During the following coffee break, we admired a part of the castle’s exposition, just outside of the lecture room:

Madhu Sudan discussed his several papers with various coauthors on local testability of affine-invariant properties. Many kinds of property testing can be seen as the study of a specific set of invariants. For instance, the invariants for graphs are permutations of vertices. For Boolean functions, they are often permutations of variables.
In this talk, Madhu looked at functions mapping $K$ to $F$, where both $F$ and $K$ are fields, and the size of $K$ is $|F|^n$. The affine invariance means that if a function $f$ has the tested property, so does the function $g_{a,b}(x) = f(ax + b)$. One of the main inspirations for this work is linearity testing ([Blum, Luby, Rubinfeld]), which has been very useful and resulted in surprising testers that use only a constant number of queries.
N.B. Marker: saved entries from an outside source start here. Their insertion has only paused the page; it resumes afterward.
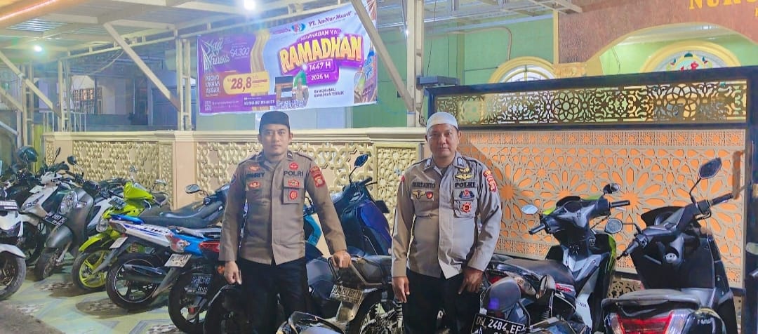 BONE – Bajoe, Guna berikan rasa aman saat pelaksanaan shalat tarawih oleh masyarakat , Personil Polsek Kawasan Pelabuhan Bajoe Polres Bone Bripka Aryanto dan Bripka Fahri Yusdar melaksanakan pengamanan shalat tarawih di masjid. (23/2/26).
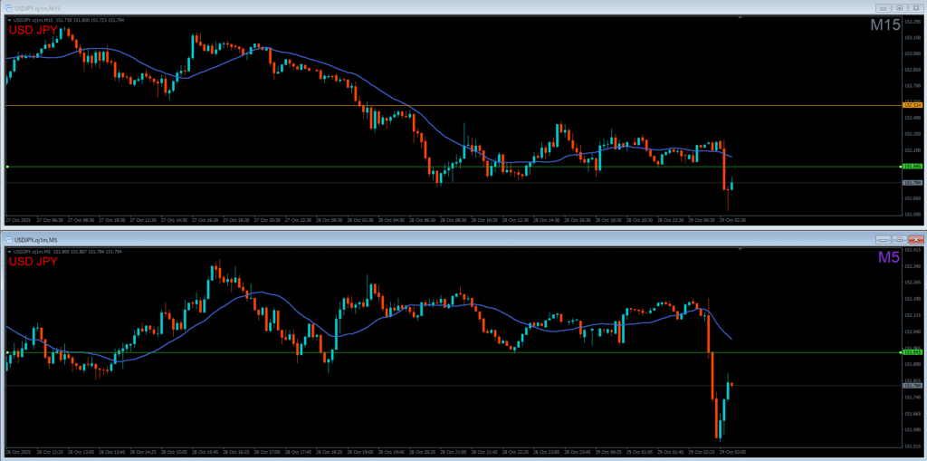 1時間足は安値を割って下落。その後押してから下落の波の途中から少し戻し。
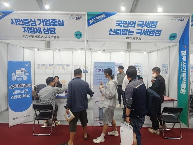 [경기경제신문] 제1회 파주시 기업 박람회가 9월 21~22일 임진각 광장에서 개최된 가운데, 파주시청 지방세 관련 부서(세정과, 납세지원과)와 파주세무서, 파주시 마을세무사들이 협력해 세무 관련 상담을 제공해 기업인들에게 큰 호응을 얻었다.
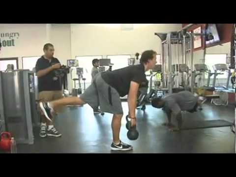 - Be sure to maintain a flat back position as the dumbbells reach knee/shin level.
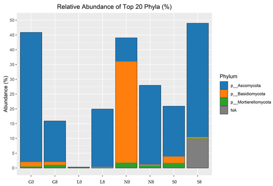 Relative abundance of fungal phyla identified by ITS amplicon sequencing. G: Gniewkowo, L: Lulkowo, N: Wielka Nieszawka, S: Suchatówka, 0: sampling day, 8: 8 weeks of drought.
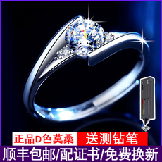 正品D色莫桑石钻戒1克拉纯银求婚结婚戒指女九星款豪华婚戒送女友

One of the goals is to discover other such interesting properties that may be just as useful. Among other things, Madhu discussed the important subclass of affine-invariant properties that have “single orbit characterizations”. One can show that these properties are locally testable with one sided error. Madhu showed a sequence of classes, in which this one was innermost. Further research goals include understanding the testability of superclasses of properties in this sequence.

Arnab Bhattacharyya touched upon a related topic. He focused on Boolean functions on the hypercube. For dense graphs, it has been shown that the properties testable in constant-time are exactly hereditary properties (or “almost hereditary properties”). Hereditary properties are the properties closed under vertex removal. A similar question arises in the study of Boolean functions. A subspace hereditary property is property that still holds if the function is restricted to a subspace. The main conjecture that this line of research tries to resolve is: “All subspace-hereditary linear-invariant properties are testable.” Arnab presented a proof that a large subclass of these properties is testable.

Tali Kaufman talked about her recent research with Irit Dinur. They investigate the relation between locally testable codes and expander graphs. [Sipser, Spielman] showed that expanders can be used to obtain very good correcting codes. A natural question that arises in this context is what graphs lead to good codes. It turns out that using expanders with sufficiently good expansion one can obtain locally testable codes, provided the expansion is not too high, in which case the code loses the property called robustness (see [Ben-Sasson, Harsha, Raskhodnikova]). So what can we say about graphs that lead to locally testable codes? Tali showed that the constraint graph of such codes is a small set expander, that is, all sets of sublinear size expand well.

(Jelani Nelson continues his report from Sublinear Algorithms 2011.)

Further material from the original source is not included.